Nestlé Waters, the bottled water unit of food and beverage giant Nestlé, has found that using video recognition tools on social media can help quantify a valuable element of the return on investment (ROI) from its sponsorship expenditure.

Chris Hodorowski, social listening manager/Nestlé Waters North America, discussed this subject at the 2019 Digital Marketing World Forum North America.

More specifically, he pointed to the fact that Perrier, a Nestlé Waters brand, is a sponsor of the French Open tennis tournament that is held every year in Paris.

During this annual event, broadcasters upload numerous video clips of the on-court action to social channels like Twitter. In many instances, Perrier’s logo appears on chairs used by the players and umpires, and on other relevant court-side assets.

By using video recognition tools provided by Talkwalker, a social media monitoring and analytics provider, Nestlé Waters was able to start calculating the ROI from this sponsorship material.
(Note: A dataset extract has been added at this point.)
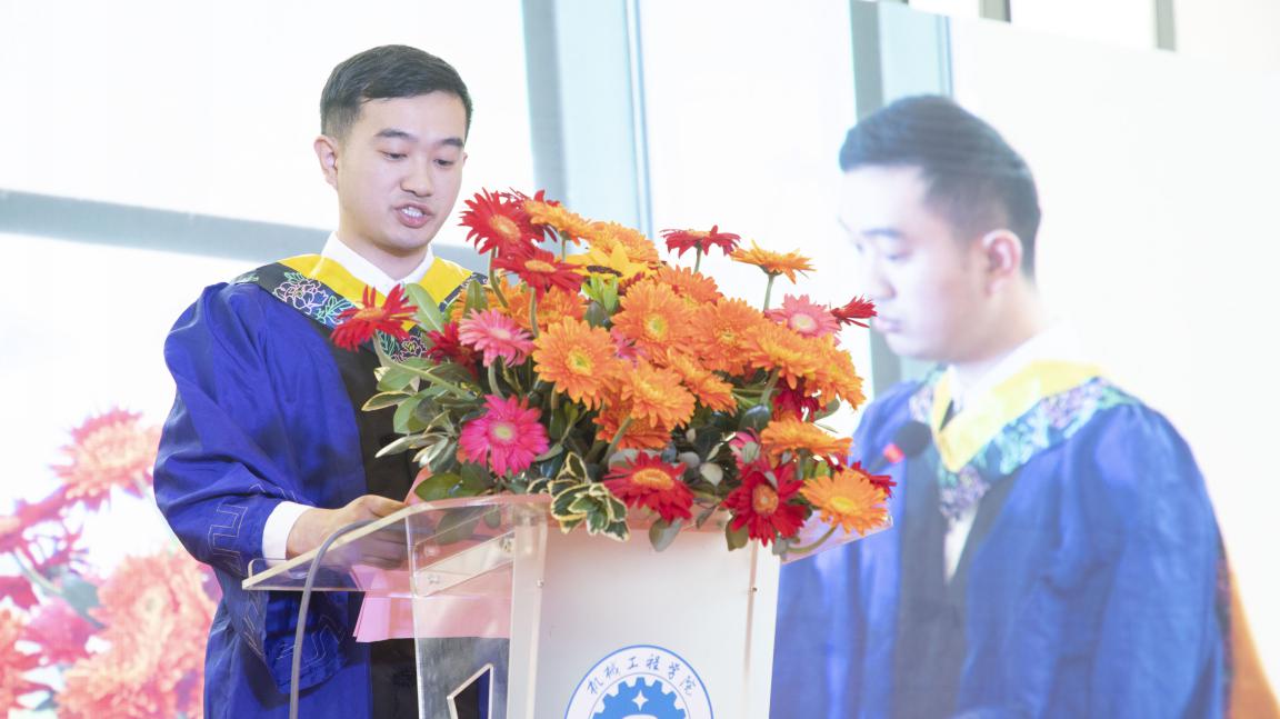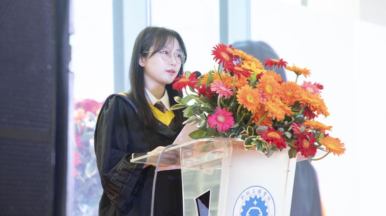 研20班齐恒和车辆191班余芳琪两位同学分别作为研究生、本科生代表发言。他们表达了对于母校培养的感恩之情,分享了在校期间的成长经历与收获,表示会牢记“尚德敏学 唯实惟新”的校训精神,脚踏实地、默默耕耘,不负韶华、不负期待、不负时代。

“We know that we get a lot of earned media and earned impressions out of all the footage on ESPN, and all the different types of commercials,” said Hodorowski. (For more, read WARC's in-depth report: How Nestlé Waters uses social listening for engagement, problem-solving and sponsorship measurement.)

Given that these videos clips, and the surrounding text, will generally not mention Perrier by name, it can be “hard to quantify that type” of return on investment, he continued.

Video recognition tools, however, can detect Perrier’s logo on an umbrella or a beach towel as well as a chair – even if the insignia is inverted or backwards.

Thanks to this methodology, Nestlé Waters was able to identify some 2,375 videos on Twitter that featured the Perrier logo, even though they made no mention of the brand.

Said Hodorowski, “Without the video and image recognition, we would have been blind to this. That got 166,000 engagements on those videos, and then that earned us about 23 million impressions. That’s a conservative estimate.

“It took us a long time to get to that point to measure something. Before, it was just kind of a faith-based metric: you knew that you were getting millions of impressions, but you could never really quantify it and affirm that. Now we can.”